*Your objective*
Could you give again exactly, and only, the lines from the one holding "Gemeinsam mit der" through the end of the data, both ends included, with pictures left out?

[Dataset excerpt Boundary: Start]

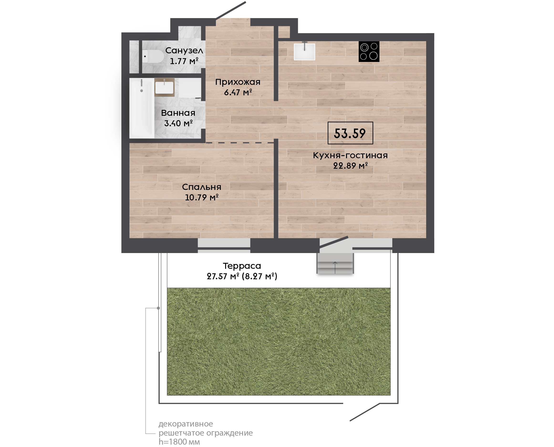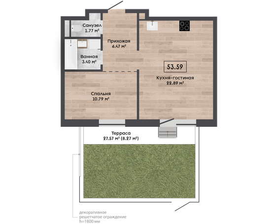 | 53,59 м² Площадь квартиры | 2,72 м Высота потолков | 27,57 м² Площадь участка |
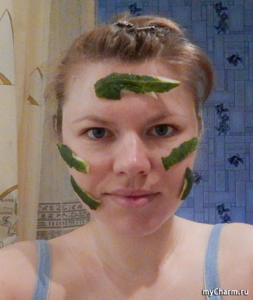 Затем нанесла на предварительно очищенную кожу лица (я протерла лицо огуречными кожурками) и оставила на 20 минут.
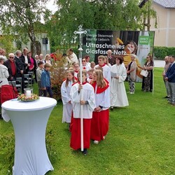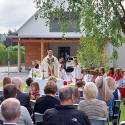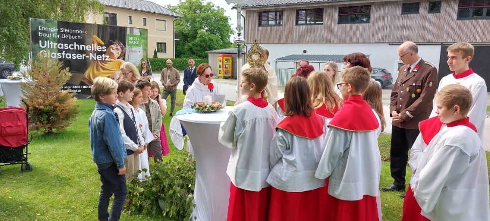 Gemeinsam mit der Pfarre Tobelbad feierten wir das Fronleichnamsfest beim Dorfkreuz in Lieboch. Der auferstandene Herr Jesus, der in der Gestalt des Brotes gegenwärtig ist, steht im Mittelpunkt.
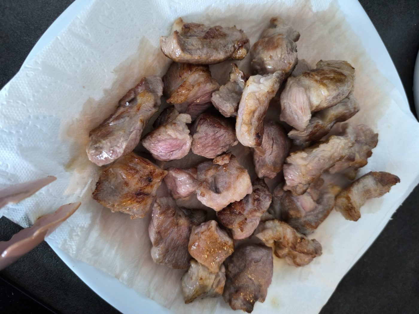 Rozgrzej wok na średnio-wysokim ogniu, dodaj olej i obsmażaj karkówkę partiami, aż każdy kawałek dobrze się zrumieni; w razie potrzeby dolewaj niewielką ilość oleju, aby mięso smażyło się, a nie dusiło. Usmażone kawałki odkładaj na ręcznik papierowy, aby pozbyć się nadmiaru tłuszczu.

[Dataset excerpt Boundary: End]

*Response area*
 Gemeinsam mit der Pfarre Tobelbad feierten wir das Fronleichnamsfest beim Dorfkreuz in Lieboch. Der auferstandene Herr Jesus, der in der Gestalt des Brotes gegenwärtig ist, steht im Mittelpunkt.
 Rozgrzej wok na średnio-wysokim ogniu, dodaj olej i obsmażaj karkówkę partiami, aż każdy kawałek dobrze się zrumieni; w razie potrzeby dolewaj niewielką ilość oleju, aby mięso smażyło się, a nie dusiło. Usmażone kawałki odkładaj na ręcznik papierowy, aby pozbyć się nadmiaru tłuszczu.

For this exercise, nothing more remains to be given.